_WORK INSTRUCTIONS_
In the listing below, find the line holding "my favorite outfit" and the line holding "從景酒歷史文化長廊出來,記者". Write out those two lines and all lines between, exactly, and nothing more.

_MATERIALS PROVIDED_
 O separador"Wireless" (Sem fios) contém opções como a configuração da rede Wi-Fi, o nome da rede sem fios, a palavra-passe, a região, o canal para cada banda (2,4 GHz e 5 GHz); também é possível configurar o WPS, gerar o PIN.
* * *
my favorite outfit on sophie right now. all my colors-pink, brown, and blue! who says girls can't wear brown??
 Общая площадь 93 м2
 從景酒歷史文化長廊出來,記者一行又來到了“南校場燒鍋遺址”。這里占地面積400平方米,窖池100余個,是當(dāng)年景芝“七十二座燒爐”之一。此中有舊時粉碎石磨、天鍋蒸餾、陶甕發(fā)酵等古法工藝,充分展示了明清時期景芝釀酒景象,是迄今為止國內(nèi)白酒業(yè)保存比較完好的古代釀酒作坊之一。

_TASK OUTPUT_
my favorite outfit on sophie right now. all my colors-pink, brown, and blue! who says girls can't wear brown??
 Общая площадь 93 м2
 從景酒歷史文化長廊出來,記者一行又來到了“南校場燒鍋遺址”。這里占地面積400平方米,窖池100余個,是當(dāng)年景芝“七十二座燒爐”之一。此中有舊時粉碎石磨、天鍋蒸餾、陶甕發(fā)酵等古法工藝,充分展示了明清時期景芝釀酒景象,是迄今為止國內(nèi)白酒業(yè)保存比較完好的古代釀酒作坊之一。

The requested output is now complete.